> Dataset content:
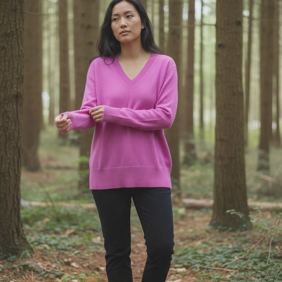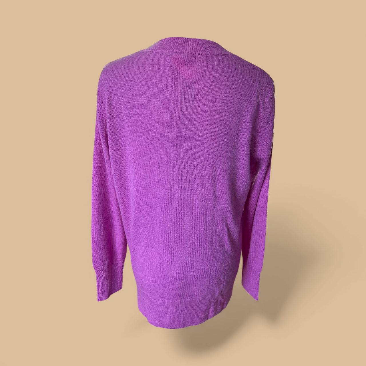 This women's purple V-neck jumper in size large is a luxurious and stylish addition to any wardrobe.
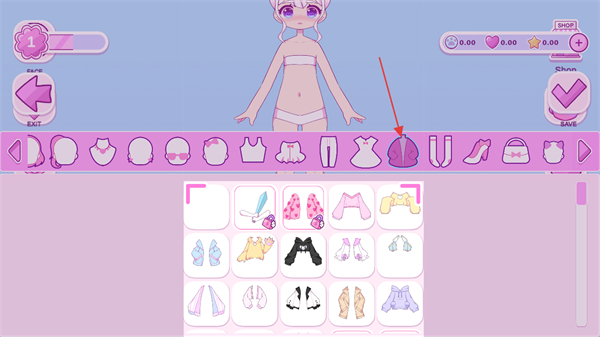4、选择上衣类别中的衣服,点击给角色穿上,打造可爱造型。
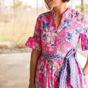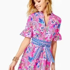 NWT LILLY PULITZER MARILISA STRETCH SHIRTDRESS PINK ISLE LAST BUD NOT LEAST
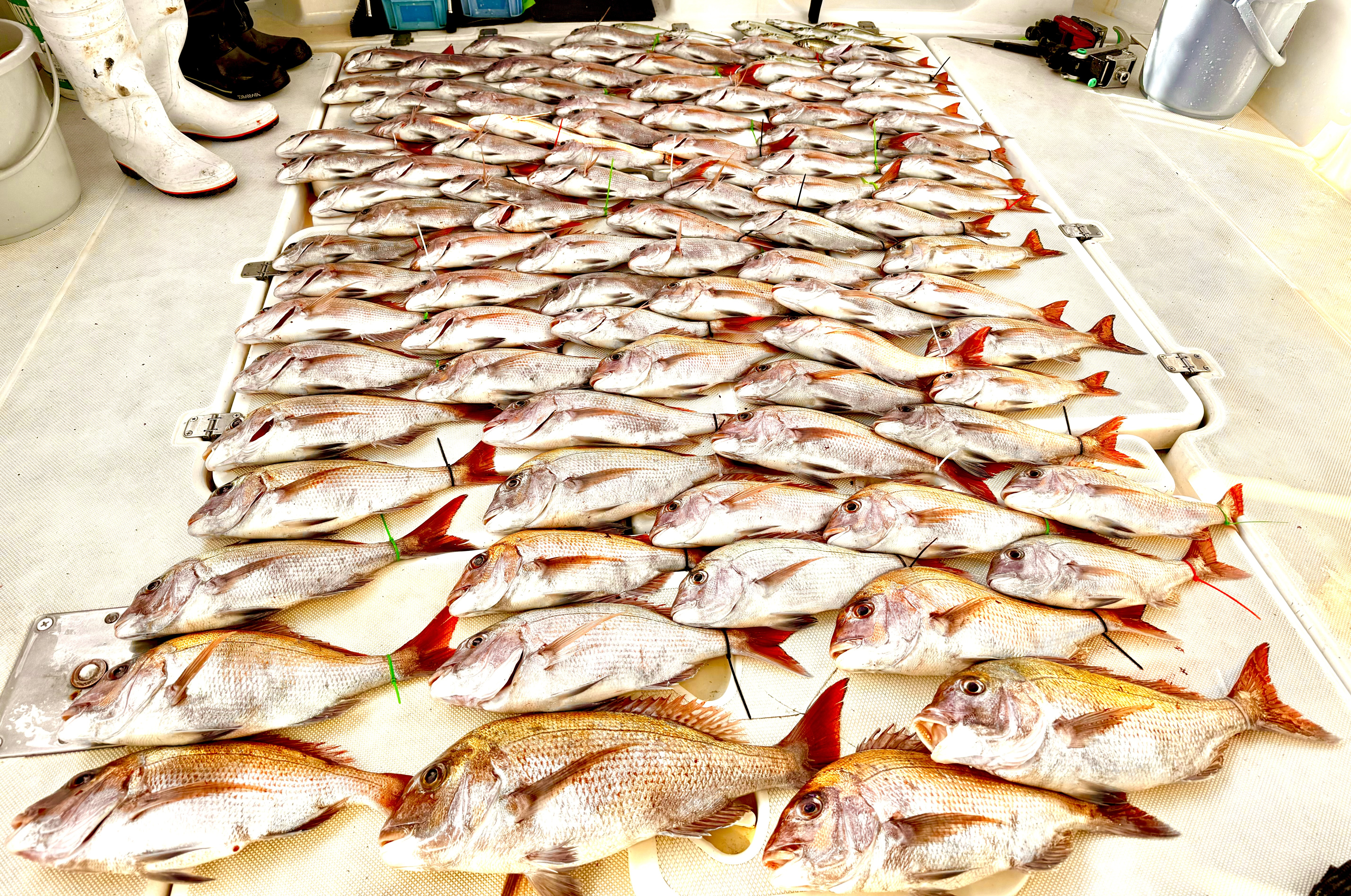 1月5日真鯛サビキ便🙆♂️船中94枚〜短時間勝負でしたがしっかり釣って頂きクーラー満で納竿です!ご乗船ありがとうございました!

> What you need to do:
Pictures are to be excluded; all other material must be transcribed exactly.

> Solution:
 This women's purple V-neck jumper in size large is a luxurious and stylish addition to any wardrobe.
4、选择上衣类别中的衣服,点击给角色穿上,打造可爱造型。
 NWT LILLY PULITZER MARILISA STRETCH SHIRTDRESS PINK ISLE LAST BUD NOT LEAST
 1月5日真鯛サビキ便🙆♂️船中94枚〜短時間勝負でしたがしっかり釣って頂きクーラー満で納竿です!ご乗船ありがとうございました!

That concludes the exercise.